Provided material —

────────────────────────────────────────

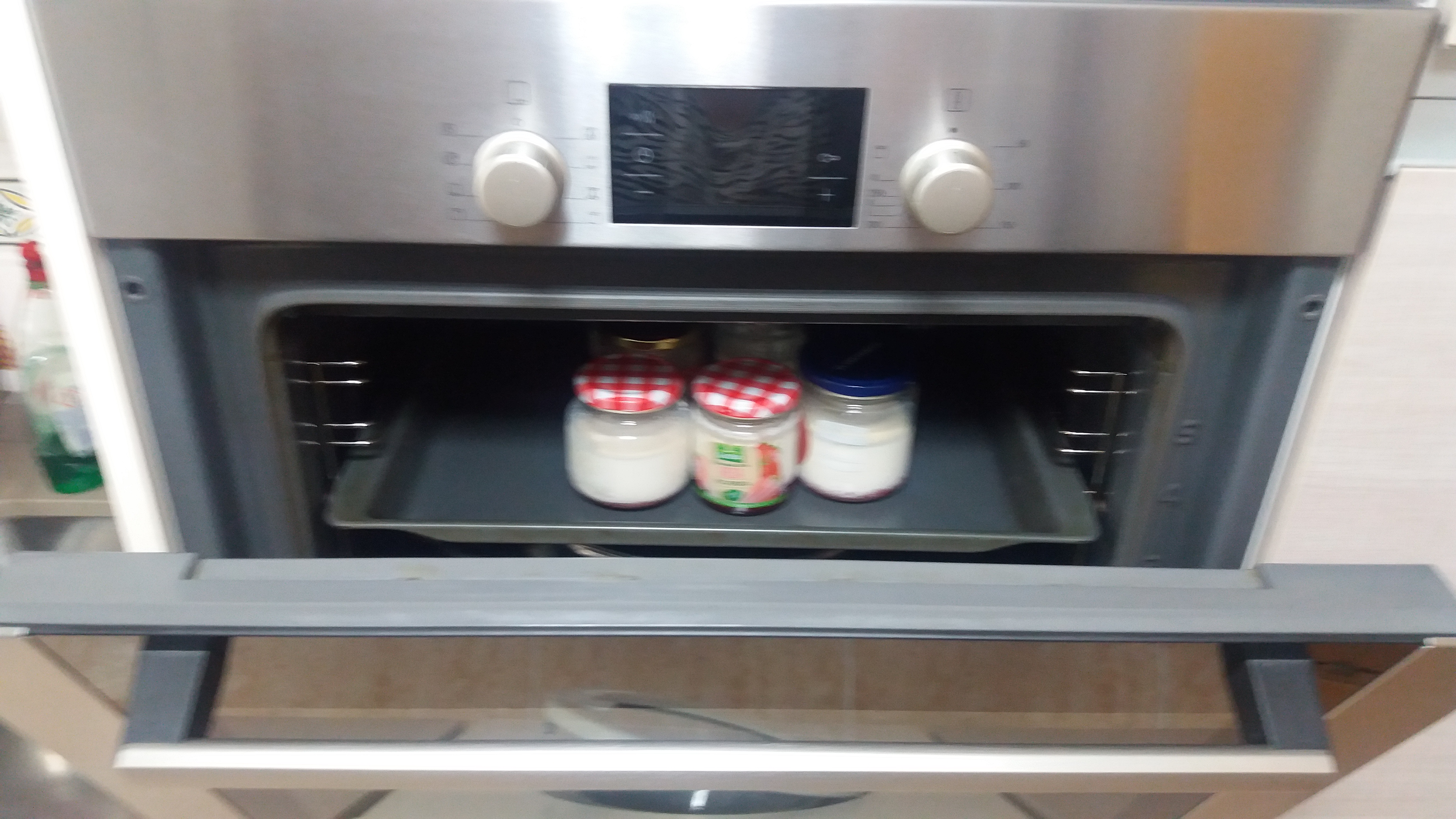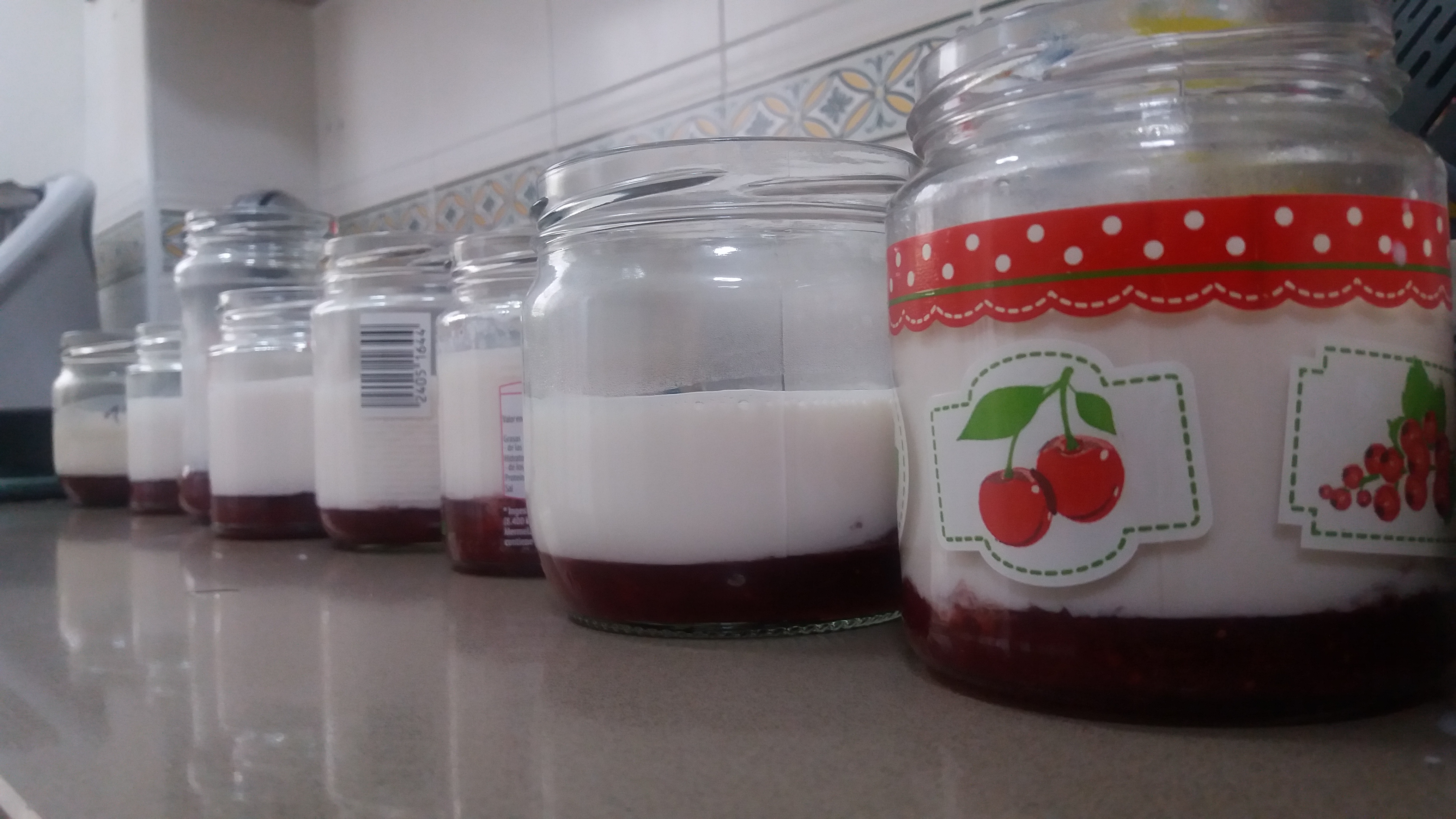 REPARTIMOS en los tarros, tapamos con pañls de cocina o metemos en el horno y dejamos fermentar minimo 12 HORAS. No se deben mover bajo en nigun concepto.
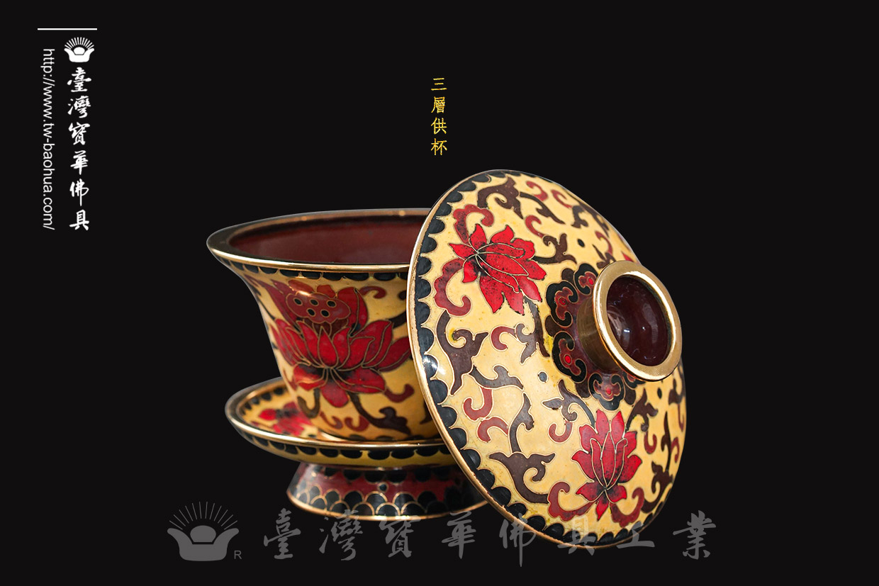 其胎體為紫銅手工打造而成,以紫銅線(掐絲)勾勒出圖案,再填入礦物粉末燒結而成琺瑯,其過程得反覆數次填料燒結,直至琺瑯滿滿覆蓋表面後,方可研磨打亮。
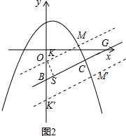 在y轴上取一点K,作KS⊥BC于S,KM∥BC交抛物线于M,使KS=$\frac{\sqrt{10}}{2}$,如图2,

────────────────────────────────────────

Aside from its pictures, the listing must be given again in full, exactly as it appears.

 REPARTIMOS en los tarros, tapamos con pañls de cocina o metemos en el horno y dejamos fermentar minimo 12 HORAS. No se deben mover bajo en nigun concepto.
 其胎體為紫銅手工打造而成,以紫銅線(掐絲)勾勒出圖案,再填入礦物粉末燒結而成琺瑯,其過程得反覆數次填料燒結,直至琺瑯滿滿覆蓋表面後,方可研磨打亮。
 在y轴上取一点K,作KS⊥BC于S,KM∥BC交抛物线于M,使KS=$\frac{\sqrt{10}}{2}$,如图2,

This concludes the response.